### Listed records:

-- Opening Marker --

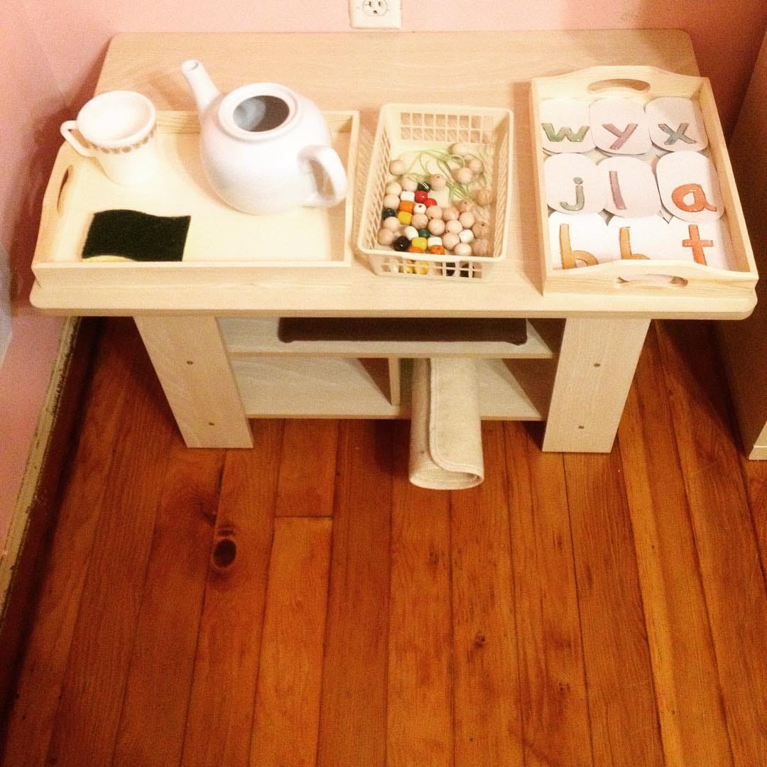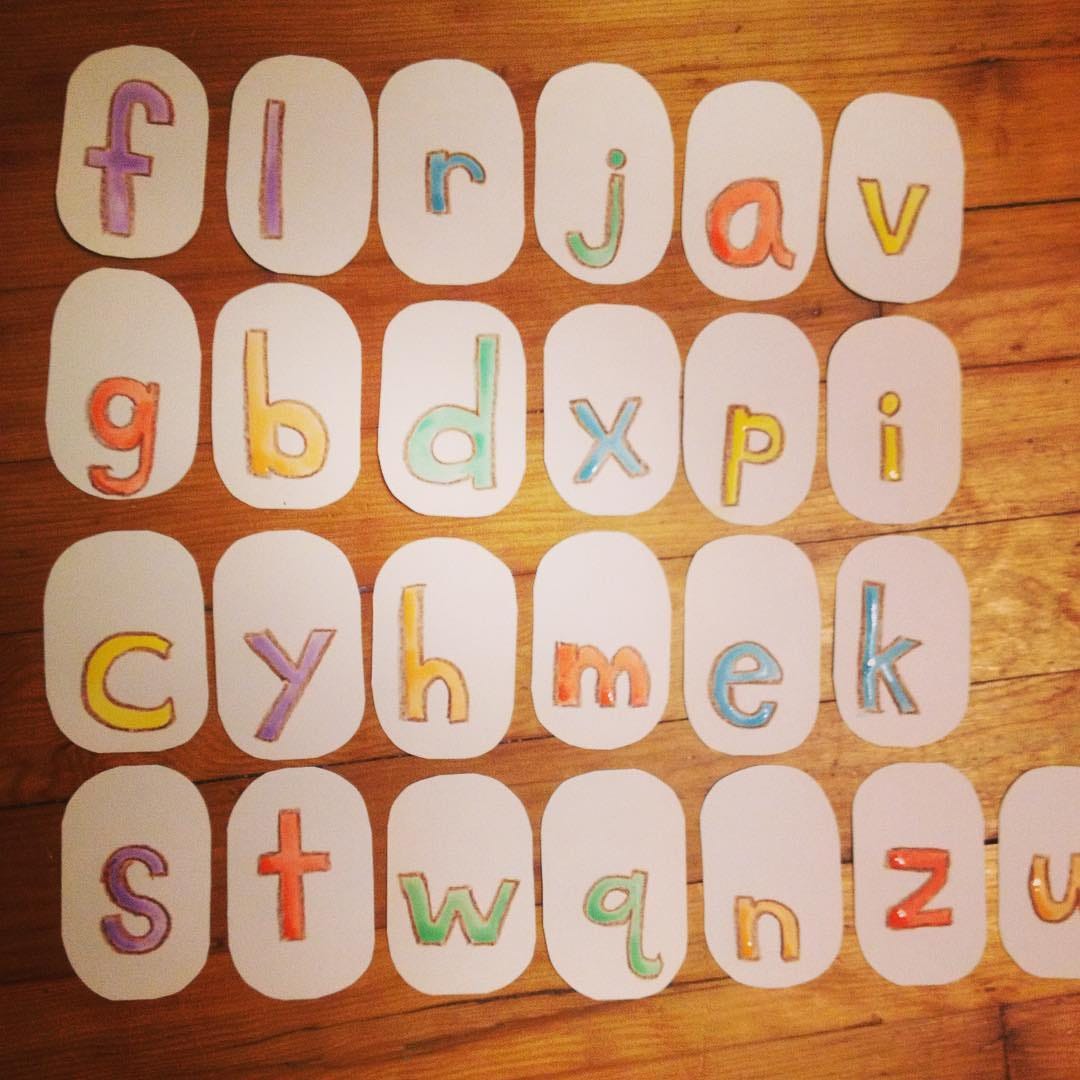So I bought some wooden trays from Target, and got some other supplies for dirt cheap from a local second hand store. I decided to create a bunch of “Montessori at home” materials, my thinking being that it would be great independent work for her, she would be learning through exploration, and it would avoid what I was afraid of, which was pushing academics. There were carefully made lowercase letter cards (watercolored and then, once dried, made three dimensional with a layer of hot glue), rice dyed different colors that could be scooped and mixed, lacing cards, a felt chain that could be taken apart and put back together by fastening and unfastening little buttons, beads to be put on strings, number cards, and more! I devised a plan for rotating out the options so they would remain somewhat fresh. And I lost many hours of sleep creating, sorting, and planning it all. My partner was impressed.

-- Closing Marker --
-- Opening Marker --

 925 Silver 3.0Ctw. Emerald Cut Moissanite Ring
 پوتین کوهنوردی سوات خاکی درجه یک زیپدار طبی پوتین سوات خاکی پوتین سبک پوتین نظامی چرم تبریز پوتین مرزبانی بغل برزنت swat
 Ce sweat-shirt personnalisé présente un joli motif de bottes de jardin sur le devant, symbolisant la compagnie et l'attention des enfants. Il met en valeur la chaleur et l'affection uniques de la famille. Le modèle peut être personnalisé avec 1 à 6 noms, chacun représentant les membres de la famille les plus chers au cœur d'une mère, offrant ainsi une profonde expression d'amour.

-- Closing Marker --

### Instructions to follow:
Look above for the line with "پوتین کوهنوردی سوات" and the line with "Ce sweat-shirt personnalisé". Write out those two lines and all the lines between them, exactly, and no others.

### Answer to this task:
 پوتین کوهنوردی سوات خاکی درجه یک زیپدار طبی پوتین سوات خاکی پوتین سبک پوتین نظامی چرم تبریز پوتین مرزبانی بغل برزنت swat
 Ce sweat-shirt personnalisé présente un joli motif de bottes de jardin sur le devant, symbolisant la compagnie et l'attention des enfants. Il met en valeur la chaleur et l'affection uniques de la famille. Le modèle peut être personnalisé avec 1 à 6 noms, chacun représentant les membres de la famille les plus chers au cœur d'une mère, offrant ainsi une profonde expression d'amour.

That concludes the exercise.